LIGHTING: Again, conform to the rule “plants are first”! It is recommended to use lighting appliances with a warm colour tone, such as a combination of bulbs and fluorescent lamps. Especially as regards fluorescent tubes, use the “warm white” type. In this area, there are hardly any problems, as world producers of aquarium fluorescent tubes specify the light spectrum graphs on the packages, so that you can choose the most suitable light spectrum. Blue light (“sea light”) is absolutely unacceptable for freshwater aquariums. Here is a formula to calculate the source intensity (works with aquariums 50 cm deep): 2 W / 1 dm2 of surface area for bulb lighting, 2/3 W / 1 dm2 of surface area for fluorescent tube lighting. The length of daily lighting must be determined with regard to the tropical day’s length.

ROUTINE MAINTENANCE: Never overfeed the fish! Keep the food varied. Perform regular mud discharges and meanwhile change about 1/3 of aquarium water Remove damaged marginal leaves of plants. Even in the case of a long-time functioning aquariums it is recommended to perform regular tests of water quality (see paragraph 5).

If these points are observed, it is very likely that no algae will grow in your aquarium. If algae do appear, we always try to modify the aquarium conditions: pH, water hardness, lighting intensity or lighting length. It is possible – temporarily – to add “bottom fish” into the aquarium, which disrupt and damage the algae (e.g. the species Botia, Gyrinocheilus, Ancistrus, Corydoras, etc.).

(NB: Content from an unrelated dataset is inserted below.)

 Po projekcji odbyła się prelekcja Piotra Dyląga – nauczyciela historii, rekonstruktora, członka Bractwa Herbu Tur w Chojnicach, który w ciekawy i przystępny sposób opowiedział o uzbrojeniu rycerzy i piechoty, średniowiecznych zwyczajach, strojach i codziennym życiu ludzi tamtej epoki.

Disrupt the algae manually on the bottom and on the sides, suck the algae out and collect the floating fibres into a filtration medium. At least for the period of fighting the algae, it is recommended to use filters with electric heads which perfectly whirl water and do not allow the algae to settle down again. These filters also prevent the algae from growing and suck in all the mechanically disturbed remains into the filtration medium which must be cleared every day.

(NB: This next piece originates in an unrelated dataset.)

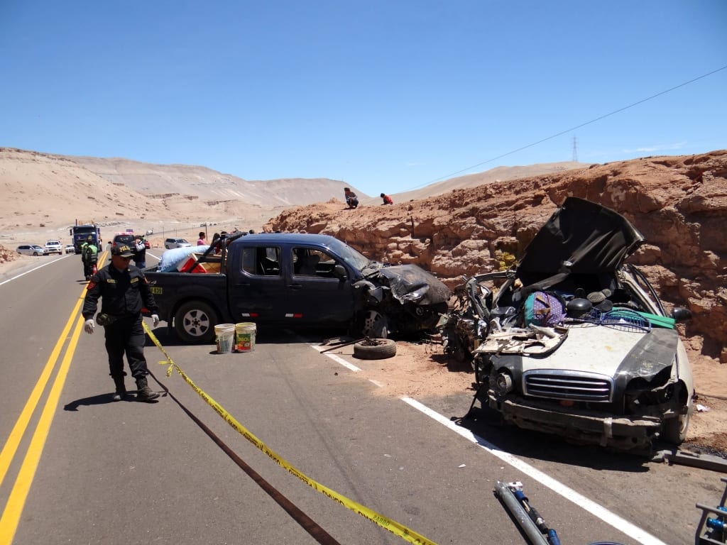 El violento choque frontal, se suscitó en el kilómetro 1174 al final del valle de Moquegua, entre el vehículo que hace el servicio colectivo de placa Z3O-506 marca Hyundai, modelo Sonata, color plata de la empresa de Transportes Turismo y Servicios Generales Mar y Sol SRL que hacía la ruta Ilo- Moquegua y la camioneta marca Nissan 4×4 color azul de matrícula Z4I-839 que partió de Puno con dirección a Ilo.

It is recommended to apply appropriate doses of ALGICID, AMAZON and ACRIFLAVIN then, which will help stop the growth of algae for good.






Green algae

(Black Molly)*

Fibres (attached/clustered), turbidity

Many different species, they love light, some are very decorative, usually harmless. They are a sign of harmony in the aquarium.

Especially in garden ponds they create a very attractive and oxygenic growth.

Manually disrupt and filter off the bottom, the side glass panes and the equipment. The agents ALGICID, AMAZON and ACRIFLAVIN should only be used in water with a pH over 7.

Shade the aquarium. As regards ponds, add plants which will shade the surface (water-lilies, eichhornia, pistia).

Wash the filtration medium often.

Blue-green algae

Silky blue-green coating

These algae are capable of killing everything, but they are also easy to disrupt and remove.

Never let the grow steadily – provide intense filtration and disrupt them. Turn the light off. Refill tank with acidic soft forest water.

Use the agents ALGICID and AMAZON.

Wash the filtration medium often.

ACRIFLAVIN is not effective in acidic water!

Diatoms (brown algae)

Attached brown-green algae

They do not like light. “Brown algae” is a commonly use but erroneous name.

Provide extra light. Manually remove from glass panes and aquarium equipment.

Use the agents ALGICID and AMAZON.

Wash the filtration medium often.

*Black Molly is a viviparous fish species which eat algae of certain kinds (e.g. diatoms), but only as a dietary supplement. Their digestive tract is accommodated to eating “green” food. Digestion takes place in alkaline environment.